-- Exercise aim --
In the answer, each entry below appears exactly as given, and no picture appears at all.

-- Material supplied --
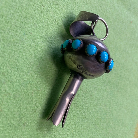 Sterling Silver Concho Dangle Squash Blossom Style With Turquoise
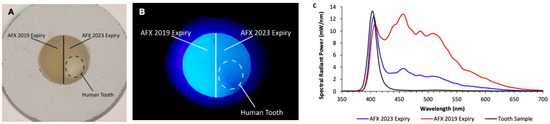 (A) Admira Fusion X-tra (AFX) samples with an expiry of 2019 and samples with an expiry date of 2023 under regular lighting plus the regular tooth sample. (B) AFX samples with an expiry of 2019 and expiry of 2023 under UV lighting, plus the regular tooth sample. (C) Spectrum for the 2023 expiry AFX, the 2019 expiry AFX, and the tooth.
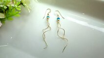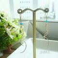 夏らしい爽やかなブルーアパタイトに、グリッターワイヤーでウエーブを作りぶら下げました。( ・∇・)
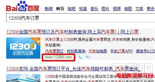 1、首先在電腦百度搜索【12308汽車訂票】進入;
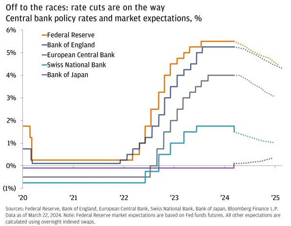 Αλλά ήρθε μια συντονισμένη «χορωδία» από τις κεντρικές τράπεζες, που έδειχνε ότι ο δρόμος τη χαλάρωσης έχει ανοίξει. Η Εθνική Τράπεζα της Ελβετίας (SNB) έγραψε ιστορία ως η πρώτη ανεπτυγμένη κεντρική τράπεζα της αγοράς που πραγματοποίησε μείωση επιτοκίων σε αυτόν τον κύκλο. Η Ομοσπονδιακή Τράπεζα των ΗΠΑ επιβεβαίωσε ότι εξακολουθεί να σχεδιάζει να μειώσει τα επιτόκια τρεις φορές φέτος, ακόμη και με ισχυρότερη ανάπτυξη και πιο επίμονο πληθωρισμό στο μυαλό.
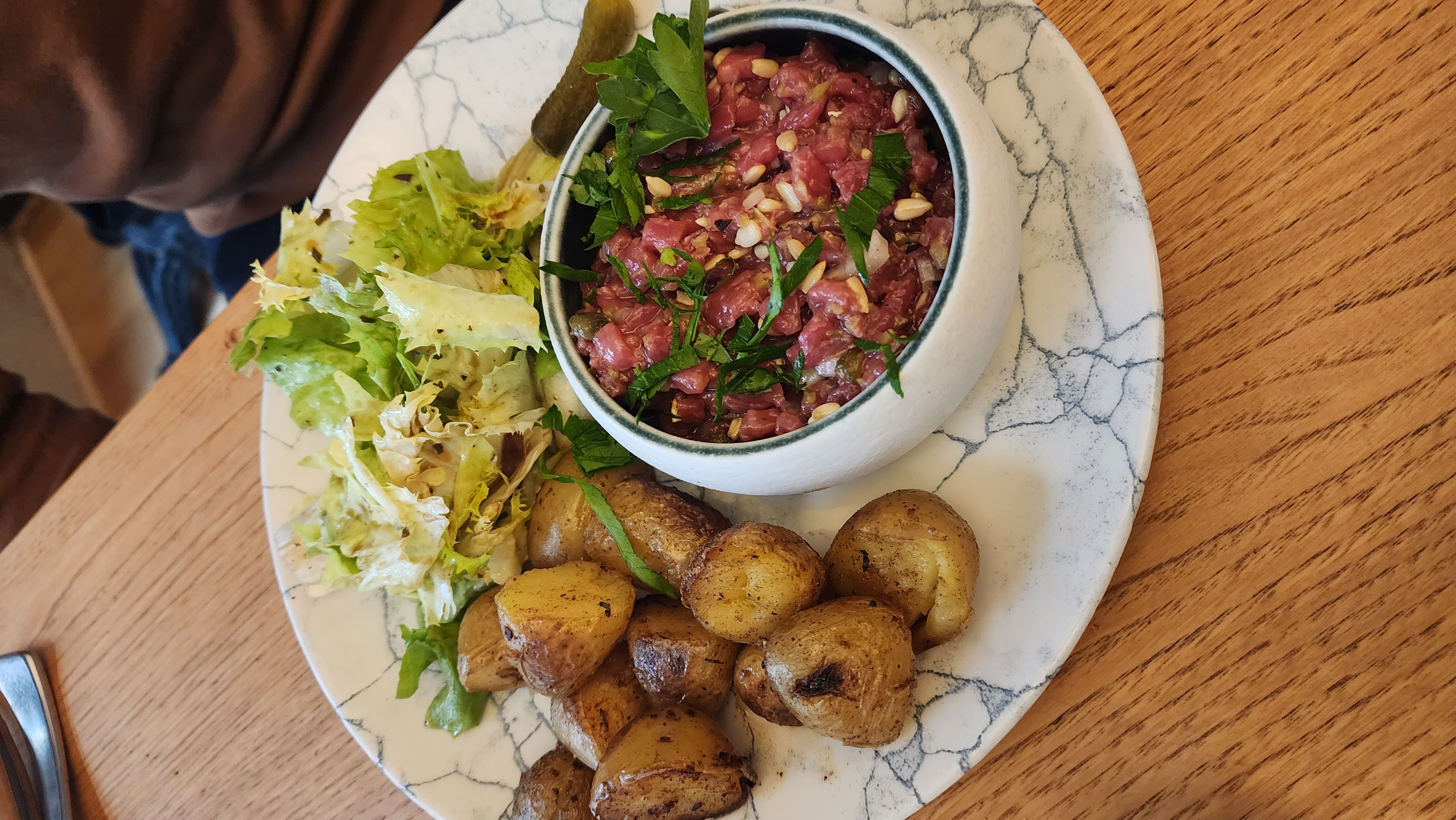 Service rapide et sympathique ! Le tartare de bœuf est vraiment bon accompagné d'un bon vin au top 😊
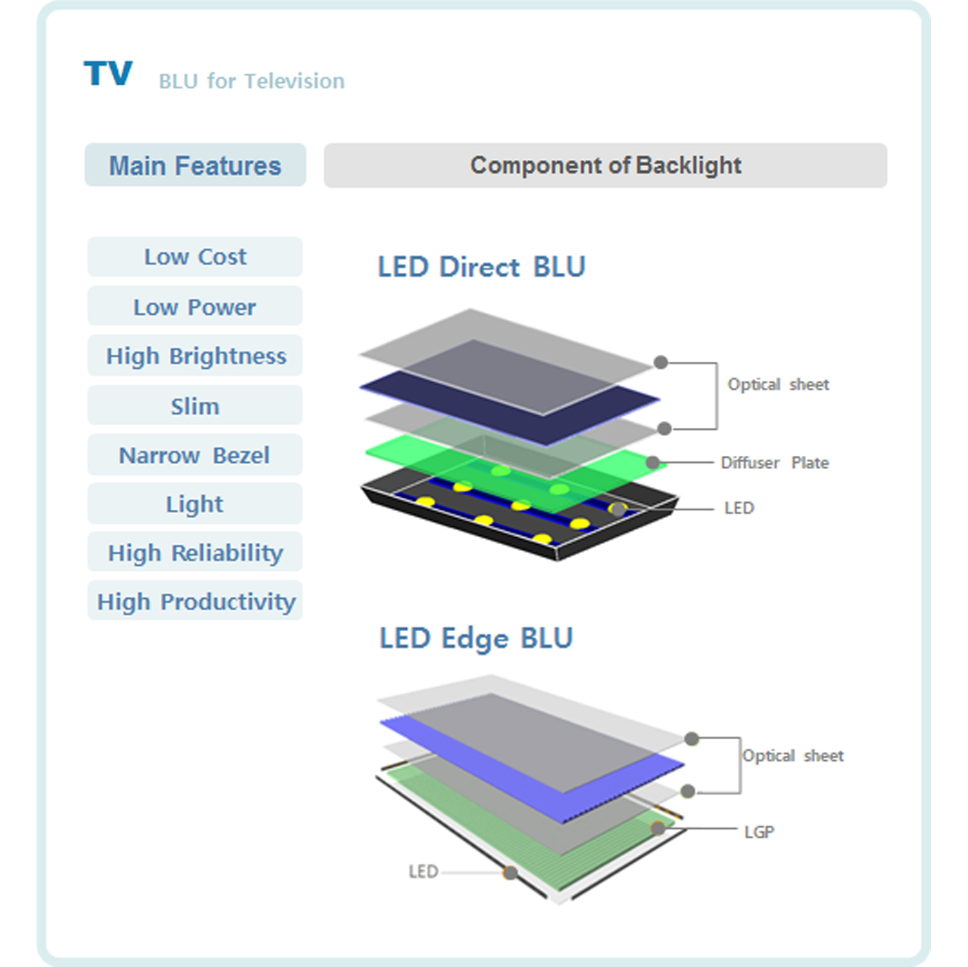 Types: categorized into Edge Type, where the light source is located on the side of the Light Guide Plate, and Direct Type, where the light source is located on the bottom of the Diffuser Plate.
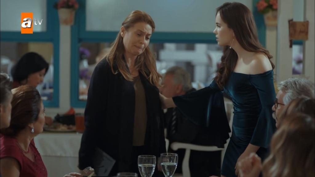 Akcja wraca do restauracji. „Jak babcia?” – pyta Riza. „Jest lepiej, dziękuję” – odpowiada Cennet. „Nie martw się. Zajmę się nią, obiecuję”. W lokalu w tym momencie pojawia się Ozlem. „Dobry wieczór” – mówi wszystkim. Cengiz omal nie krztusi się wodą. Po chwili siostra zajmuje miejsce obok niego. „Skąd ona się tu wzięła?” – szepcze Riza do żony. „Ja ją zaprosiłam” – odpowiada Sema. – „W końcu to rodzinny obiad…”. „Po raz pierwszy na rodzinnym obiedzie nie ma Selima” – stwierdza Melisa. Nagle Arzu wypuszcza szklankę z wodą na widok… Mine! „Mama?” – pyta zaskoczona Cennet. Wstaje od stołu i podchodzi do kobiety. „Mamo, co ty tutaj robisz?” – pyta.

-- Result of the task --
 Sterling Silver Concho Dangle Squash Blossom Style With Turquoise
 (A) Admira Fusion X-tra (AFX) samples with an expiry of 2019 and samples with an expiry date of 2023 under regular lighting plus the regular tooth sample. (B) AFX samples with an expiry of 2019 and expiry of 2023 under UV lighting, plus the regular tooth sample. (C) Spectrum for the 2023 expiry AFX, the 2019 expiry AFX, and the tooth.
 夏らしい爽やかなブルーアパタイトに、グリッターワイヤーでウエーブを作りぶら下げました。( ・∇・)
 1、首先在電腦百度搜索【12308汽車訂票】進入;
 Αλλά ήρθε μια συντονισμένη «χορωδία» από τις κεντρικές τράπεζες, που έδειχνε ότι ο δρόμος τη χαλάρωσης έχει ανοίξει. Η Εθνική Τράπεζα της Ελβετίας (SNB) έγραψε ιστορία ως η πρώτη ανεπτυγμένη κεντρική τράπεζα της αγοράς που πραγματοποίησε μείωση επιτοκίων σε αυτόν τον κύκλο. Η Ομοσπονδιακή Τράπεζα των ΗΠΑ επιβεβαίωσε ότι εξακολουθεί να σχεδιάζει να μειώσει τα επιτόκια τρεις φορές φέτος, ακόμη και με ισχυρότερη ανάπτυξη και πιο επίμονο πληθωρισμό στο μυαλό.
 Service rapide et sympathique ! Le tartare de bœuf est vraiment bon accompagné d'un bon vin au top 😊
 Types: categorized into Edge Type, where the light source is located on the side of the Light Guide Plate, and Direct Type, where the light source is located on the bottom of the Diffuser Plate.
 Akcja wraca do restauracji. „Jak babcia?” – pyta Riza. „Jest lepiej, dziękuję” – odpowiada Cennet. „Nie martw się. Zajmę się nią, obiecuję”. W lokalu w tym momencie pojawia się Ozlem. „Dobry wieczór” – mówi wszystkim. Cengiz omal nie krztusi się wodą. Po chwili siostra zajmuje miejsce obok niego. „Skąd ona się tu wzięła?” – szepcze Riza do żony. „Ja ją zaprosiłam” – odpowiada Sema. – „W końcu to rodzinny obiad…”. „Po raz pierwszy na rodzinnym obiedzie nie ma Selima” – stwierdza Melisa. Nagle Arzu wypuszcza szklankę z wodą na widok… Mine! „Mama?” – pyta zaskoczona Cennet. Wstaje od stołu i podchodzi do kobiety. „Mamo, co ty tutaj robisz?” – pyta.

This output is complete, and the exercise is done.